What you need to do:
What is needed is an exact copy of the lines in the entries below from the one holding "Edding Marcatore Permanente" through the one holding "分析师认为,经济放缓将持续到初夏,直到美联储在 6 月份实施资产负债表缩减限制措施为止。", pictures excluded.

Supplied records:
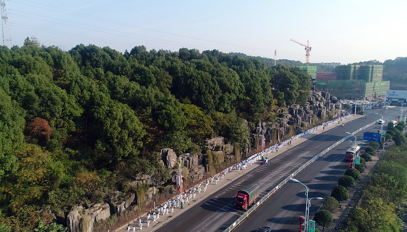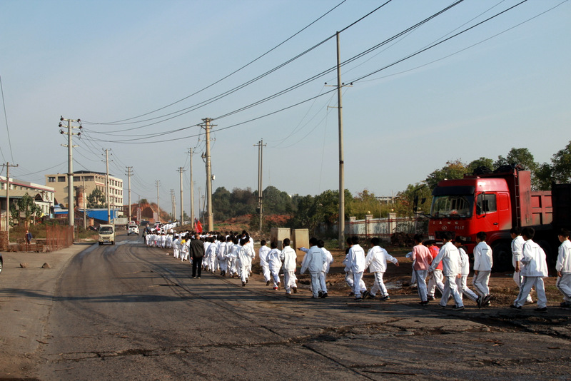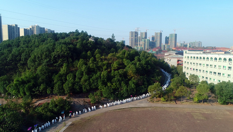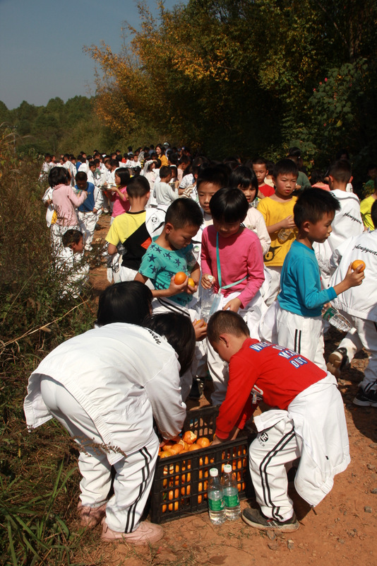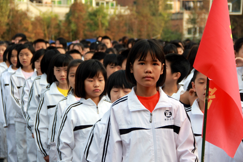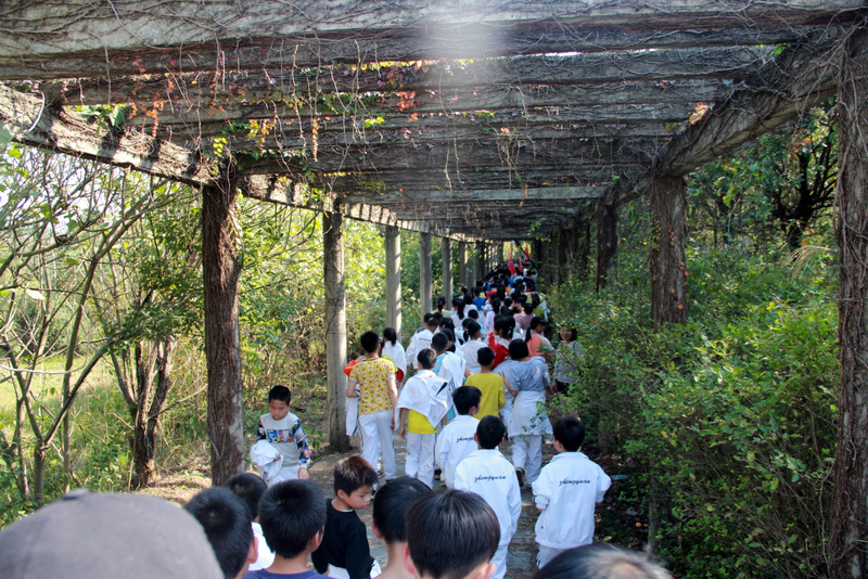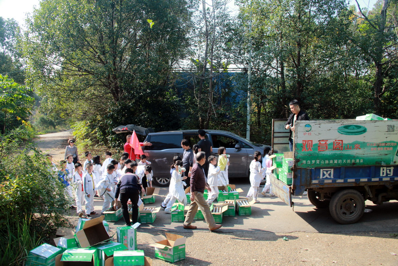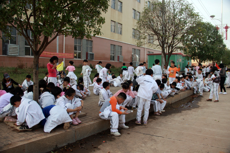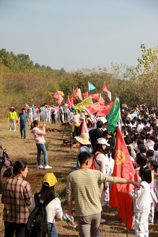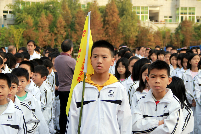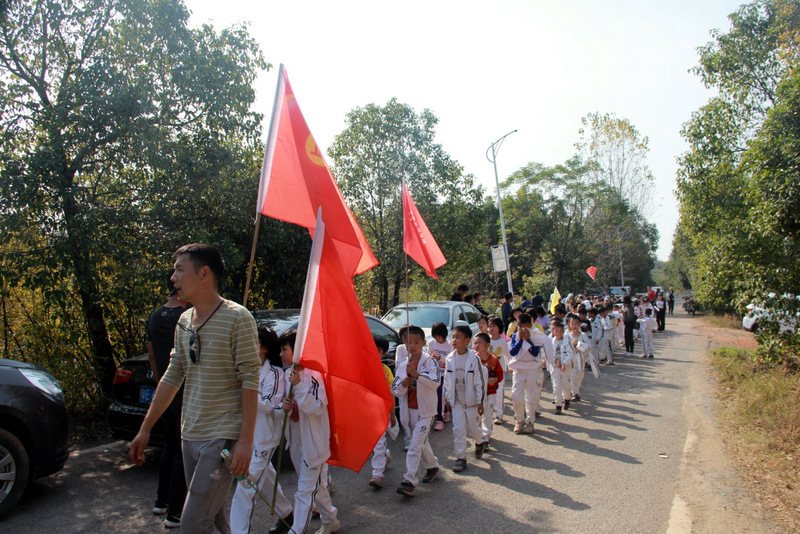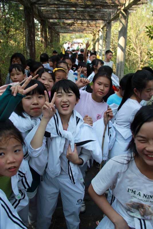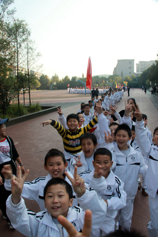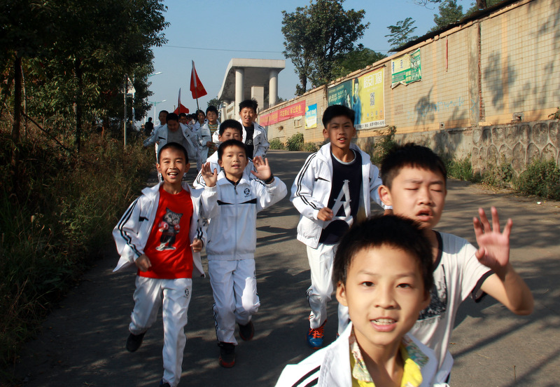 早上8点,小学生运动场上,小学三年级、五年级共29个班1674名学生整装待发,准备直奔蔡伦科技园附近的大金村大金山庄。瞧!那一张张稚气的脸蛋,洋溢着兴奋的笑容;一袭袭洁白的校服,灵动着耀眼的光芒;一面面鲜艳的彩旗,飘扬着绚丽的憧憬。这支庞大的“正源大军”斗志昂扬,豪情万丈,像一条巨龙行进在马路上,真可谓:晴空一军排龙上, 便引豪情到碧霄!
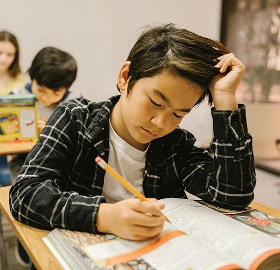 Patch is getting ready for his frst exam, but he’s lost everything in his pencil case somewhere on these pages! He’s lost his purple pencil, red ruler and silver scissors! Can you fnd them for him?
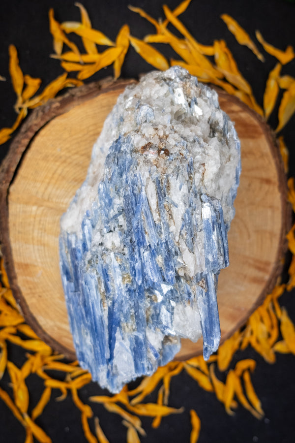 This striking Kyanite in Quartz specimen combines the powerful vibration of blue Kyanite with the amplifying qualities of Quartz, creating a crystal of clarity, alignment and energetic expansion. Kyanite is renowned for its high frequency energy, opening the channels of communication, clearing energetic blockages and restoring flow. Quartz amplifies these properties, magnifying the stone’s spiritual and healing resonance. Together, they create a talisman for spiritual connection, higher awareness and deep energetic cleansing. This piece was ethically sourced from the mineral-rich lands of Brazil, a region celebrated for its high quality Kyanite formations and luminous Quartz.
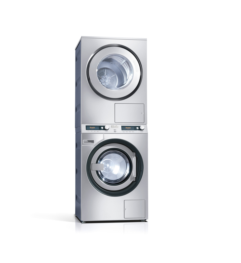 This commercial stackable washer and dryer unit is a space-saving solution adjusted to the needs of laundry operators. Changing staff can easily and accurately operate the ergonomically arranged, intuitive controls. Without having to carry the laundry, it can be dried right after washing, thus saving resources. The appliance combination achieves high operating efficiency; it is long-lasting and visually appealing.
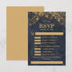 Haga que sea fácil para sus invitados responder con esta elegante tarjeta de RSVP con selecciones de comidas, parte de la Colección de Boda Rustic Glam. Diseñada con luces de cuerda doradas brillantes y un fondo de falso denim azul marino profundo, esta tarjeta de respuesta combina el encanto rústico con un estilo sofisticado. El diseño incluye líneas de escritura doradas en negrita para una visibilidad clara, lo que facilita a los invitados completar sus nombres, asistencia, preferencias de comida y restricciones dietéticas. Perfecta para bodas en graneros, recepciones en clubes campestres o celebraciones nocturnas, esta tarjeta se coordina perfectamente con sus invitaciones de boda, Save the Dates y señalización. Personalice fácilmente la fecha límite de RSVP, las opciones de plato principal y cualquier nota especial para que coincida con los detalles de su evento.
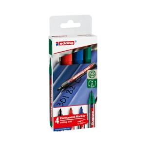 Edding Marcatore Permanente con Punta Conica - Astuccio da 4 Colori Assortiti, 1.5-3 mm, Resistente a Luce e Acqua
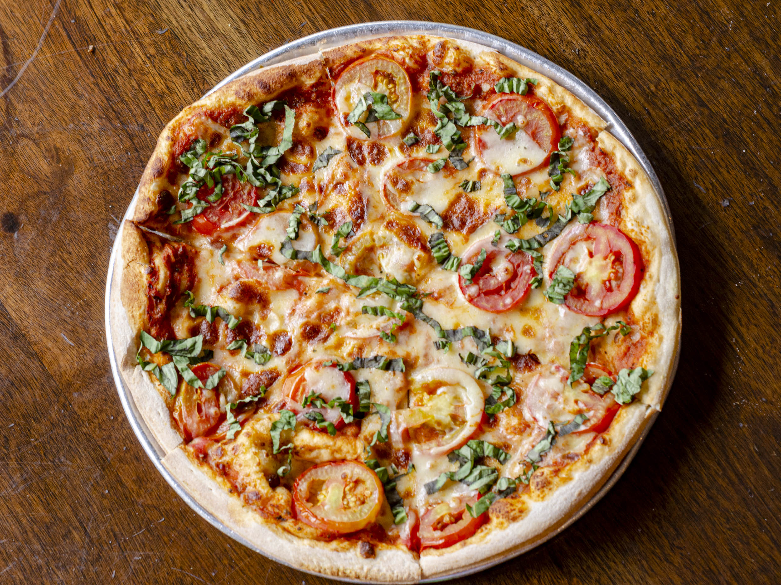 Pizza con masa delgada de 31 cm con 6 porciones de Queso Mozzarela, Tomate San Marsano, albahaca y Base Napolitana de Tomate Órganico San Marsano
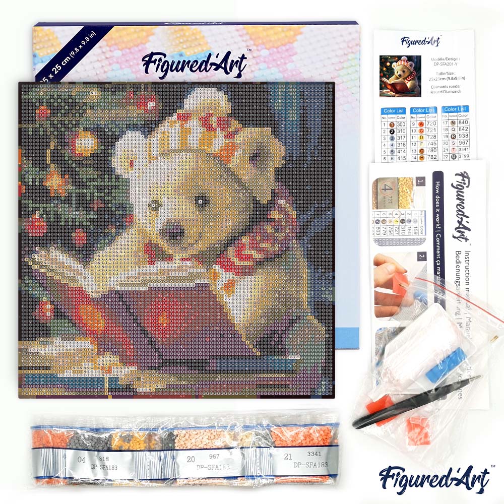 Vous ouvrez la boîte, la toile est prête, les diamants brillent doucement. Petit à petit, cet ours mignon plongé dans son livre prend vie sous vos doigts. La Broderie Diamant devient un vrai moment de calme, parfait pour se poser après une journée bien remplie.
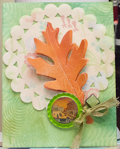 I used a piece of vellum to tone down the background of the oval on this card. The leave is a TIm Holtz stamp and cut without the stamping. The circle is cut with a die. The background is texture plates run through my Fiskars Fuse and then inked. The leave is actually from a piece of cardstock I colored with my gelli plate and a stencil. I used a bottle cap as an embelishment.
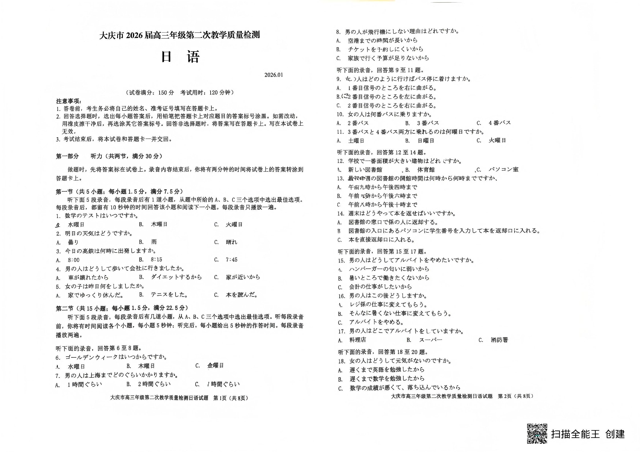大庆市2026届高三年级第二次教学质量检测 日语.pdf
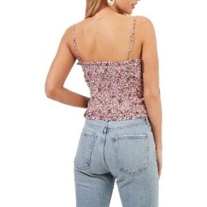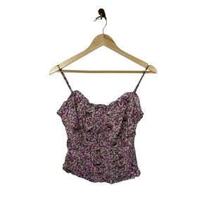 NWOT ASTR the Label Chiffon Ruched Ruffle Floral Blouse Fuchsia Ditsy Size M
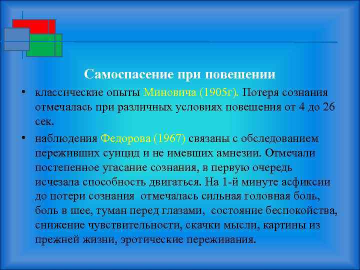 Самоспасение при повешении • классические опыты Миновича (1905 г). Потеря сознания отмечалась при различных условиях повешения от 4 до 26 сек. • наблюдения Федорова (1967) связаны с обследованием переживших суицид и не имевших амнезии. Отмечали постепенное угасание сознания, в первую очередь исчезала способность двигаться. На 1 -й минуте асфиксии до потери сознания отмечалась сильная головная боль, боль в шее, туман перед глазами, состояние беспокойства, снижение чувствительности, скачки мысли, картины из прежней жизни, эротические переживания.
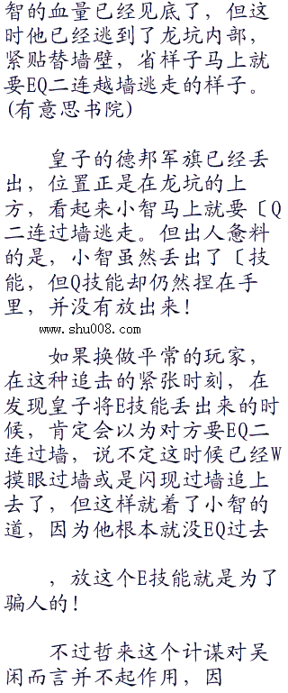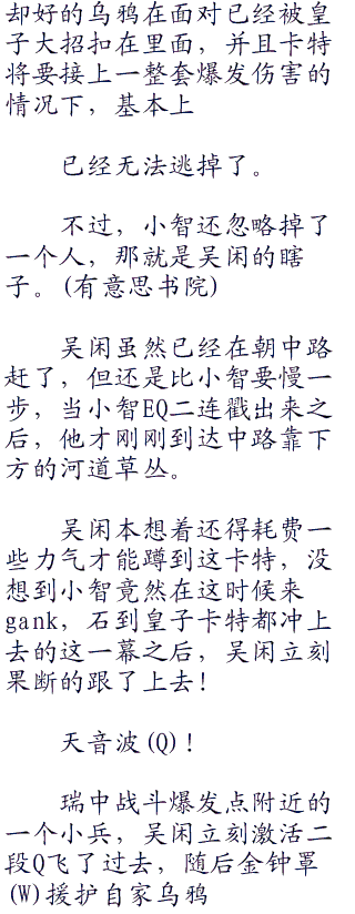 不过卡特的状态不错也只是针对乌鸦而言.她的魔抗装备对吴闲而言是一点惫义都没有的,换句话说.吴闲可以轻而易举的秒掉卡特!
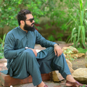 This is a white and blue chikan lawn shirt paired with a designed wide white trousers and a blue dupatta. This outfit is perfect for any special occasion!
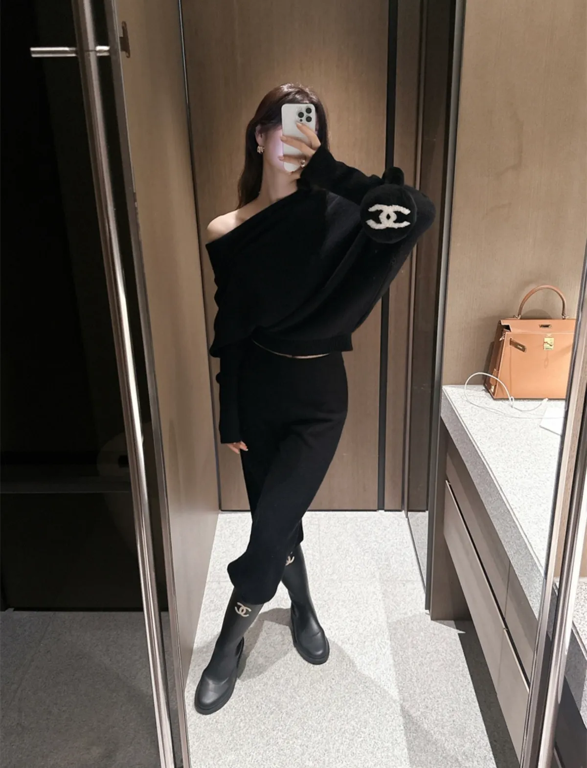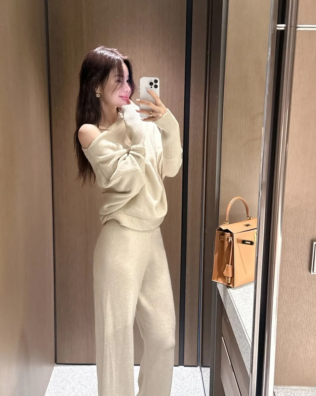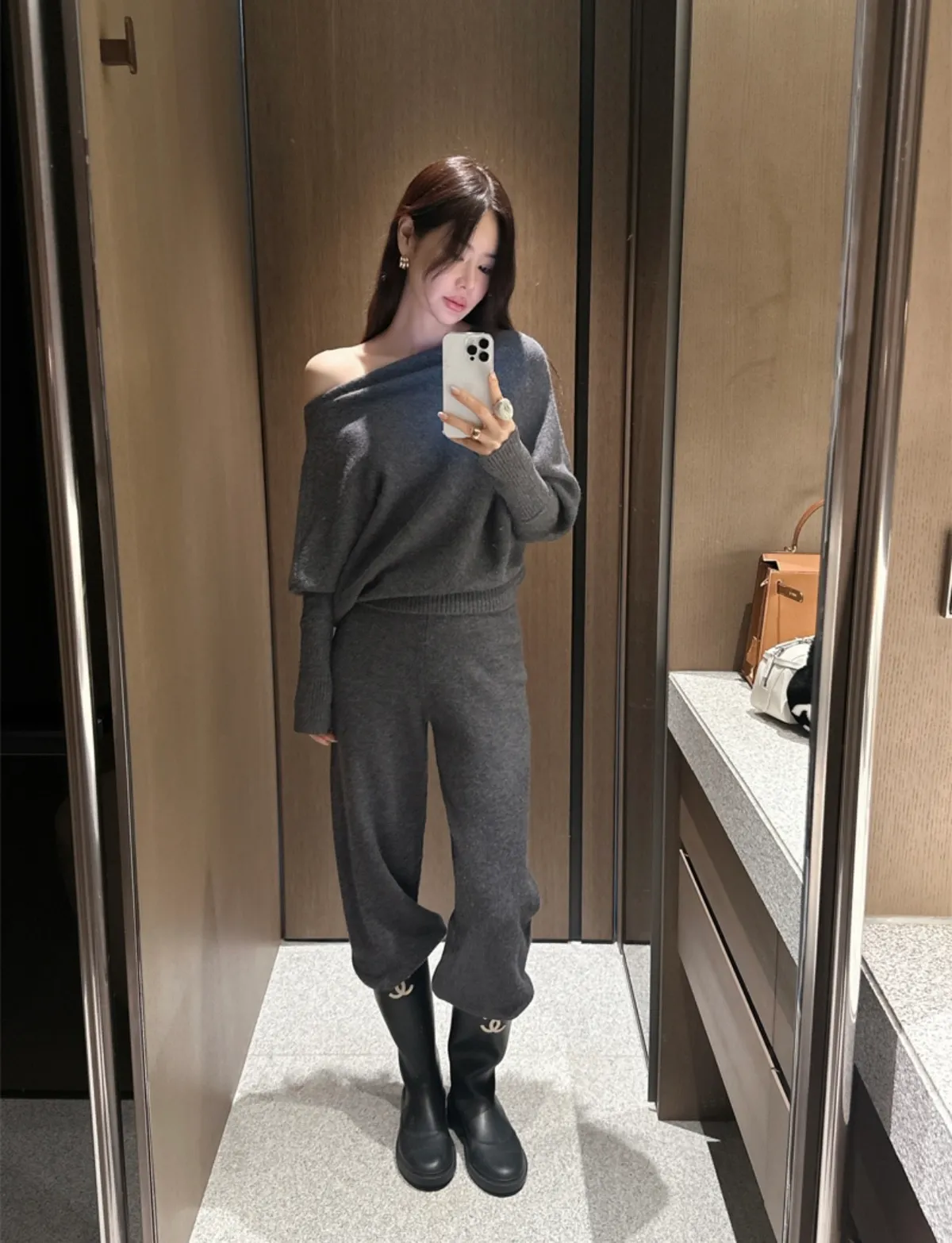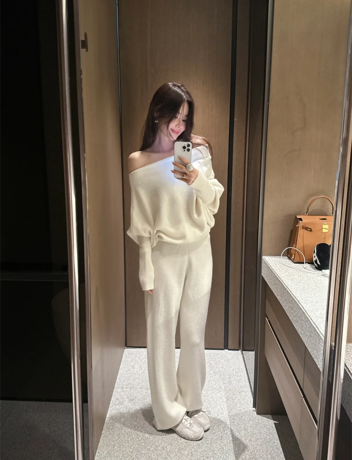不對稱肩線增添時尚感的針織衫和褲子組成的單品。
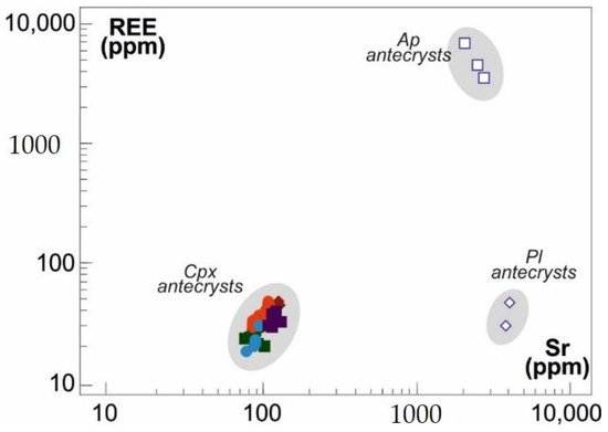 Diagrams of Sr (ppm) vs. REE (ppm) for PN clinopyroxene relict cores (antecrysts) compared with cumulatic plagioclase and apatite compositions in PN. Symbols of clinopyroxenes as in Figure 11.
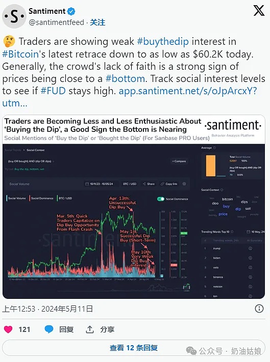 Santiment 表示,比特币最近的回调导致交易员出现适度的“逢低买入”活动,这表明价格已经触底。Bitfinex 分析师认为,经济放缓将持续到初夏,直到美联储在 6 月份实施资产负债表缩减限制措施为止。
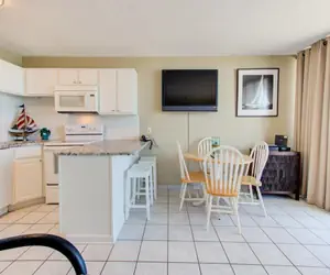 Perched on the 6th floor with stunning ocean‐front views, this comfortable and inviting 1‑bedroom, 1‑bathroom condo is perfectly suited for couples or family of up to six guests. Enter the master bedroom to find a plush king‑size bed designed for relaxation. Down the hallway, a built‑in alcove with bunk beds adds fun (and extra sleep space) for kids or additional guests, and the living room includes a comfortable sleeper sofa, giving everyone the option to spread out and feel at home.

Answer space:
 Edding Marcatore Permanente con Punta Conica - Astuccio da 4 Colori Assortiti, 1.5-3 mm, Resistente a Luce e Acqua
 Pizza con masa delgada de 31 cm con 6 porciones de Queso Mozzarela, Tomate San Marsano, albahaca y Base Napolitana de Tomate Órganico San Marsano
 Vous ouvrez la boîte, la toile est prête, les diamants brillent doucement. Petit à petit, cet ours mignon plongé dans son livre prend vie sous vos doigts. La Broderie Diamant devient un vrai moment de calme, parfait pour se poser après une journée bien remplie.
 I used a piece of vellum to tone down the background of the oval on this card. The leave is a TIm Holtz stamp and cut without the stamping. The circle is cut with a die. The background is texture plates run through my Fiskars Fuse and then inked. The leave is actually from a piece of cardstock I colored with my gelli plate and a stencil. I used a bottle cap as an embelishment.
大庆市2026届高三年级第二次教学质量检测 日语.pdf
 NWOT ASTR the Label Chiffon Ruched Ruffle Floral Blouse Fuchsia Ditsy Size M
 Самоспасение при повешении • классические опыты Миновича (1905 г). Потеря сознания отмечалась при различных условиях повешения от 4 до 26 сек. • наблюдения Федорова (1967) связаны с обследованием переживших суицид и не имевших амнезии. Отмечали постепенное угасание сознания, в первую очередь исчезала способность двигаться. На 1 -й минуте асфиксии до потери сознания отмечалась сильная головная боль, боль в шее, туман перед глазами, состояние беспокойства, снижение чувствительности, скачки мысли, картины из прежней жизни, эротические переживания.
 不过卡特的状态不错也只是针对乌鸦而言.她的魔抗装备对吴闲而言是一点惫义都没有的,换句话说.吴闲可以轻而易举的秒掉卡特!
 This is a white and blue chikan lawn shirt paired with a designed wide white trousers and a blue dupatta. This outfit is perfect for any special occasion!
不對稱肩線增添時尚感的針織衫和褲子組成的單品。
 Diagrams of Sr (ppm) vs. REE (ppm) for PN clinopyroxene relict cores (antecrysts) compared with cumulatic plagioclase and apatite compositions in PN. Symbols of clinopyroxenes as in Figure 11.
 Santiment 表示,比特币最近的回调导致交易员出现适度的“逢低买入”活动,这表明价格已经触底。Bitfinex 分析师认为,经济放缓将持续到初夏,直到美联储在 6 月份实施资产负债表缩减限制措施为止。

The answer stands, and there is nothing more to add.